I need to reorder the factor levels of a column in a data table frame and I would like to do it in a native data table way, if there is one. I know I can do it the data frame way, but this requires hard coded column names. I would like to use dynamic column names, and if possible, updating by reference. I found a way of reordering a column by reference (link), but it does not reorder the other columns accordingly, nor am I able to use a dynamic column reference.
I have the following data (CO2 emissions per capita):
library(data.table)
print(data)
indicator country year value
1: EN.ATM.CO2E.PC Canada 2011 15.639760
2: EN.ATM.CO2E.PC China 2011 7.241515
3: EN.ATM.CO2E.PC European Union 2011 7.079374
4: EN.ATM.CO2E.PC India 2011 1.476686
5: EN.ATM.CO2E.PC Saudi Arabia 2011 17.702307
6: EN.ATM.CO2E.PC United States 2011 16.972417
class(data)
[1] "data.table" "data.frame"
print(str(lapply(data, class)))
List of 8
$ indicator : chr "factor"
$ country : chr "factor"
$ year : chr "factor"
$ value : chr "numeric"
So if I want to reverse sort by the country column, I can do (2):
col <- "country"
column.levels <- levels(data[[col]])
column.levels <- sort(column.levels, T)
data$country <- factor(data$country, levels = column.levels)

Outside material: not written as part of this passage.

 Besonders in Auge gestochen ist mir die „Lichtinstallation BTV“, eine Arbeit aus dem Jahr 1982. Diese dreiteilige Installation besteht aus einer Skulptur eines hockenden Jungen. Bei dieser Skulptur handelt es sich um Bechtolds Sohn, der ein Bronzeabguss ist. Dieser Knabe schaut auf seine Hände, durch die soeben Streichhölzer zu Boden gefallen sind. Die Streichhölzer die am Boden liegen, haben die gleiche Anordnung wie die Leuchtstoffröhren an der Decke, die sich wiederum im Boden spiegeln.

But here, country is hard coded, and sorting is not by reference. I anticipate using this code in a function that should work with different data sets, with other column names. So how do I get it to work with a column name stored in a variable, and possibly by reference?

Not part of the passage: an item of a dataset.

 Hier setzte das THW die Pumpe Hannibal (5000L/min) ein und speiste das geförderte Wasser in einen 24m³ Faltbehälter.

For reference, the data is intended to be presented in a bar chart using Plotly. where I would like to manipulate the order. As discussed here (2), the way to do that is by reordering factor levels.
Help is very much appreciated!
factor()
vs. setattr()
Thanks @Uwe for the feedback. Let me try to be clearer wrt. what I think is the problem. I managed to select columns dynamically, that was just a simple matter of using data[["column"]]
instead of data$country
, but I must have done something wrong the first time I tried. That leaves the problem of reordering levels by reference.
Here's the dput of data:
dput(data)
structure(list(indicator = structure(c(1L, 1L, 1L, 1L, 1L, 1L
), .Label = "EN.ATM.CO2E.PC", class = "factor"), country = structure(1:6, .Label = c("Canada",
"China", "European Union", "India", "Saudi Arabia", "United States"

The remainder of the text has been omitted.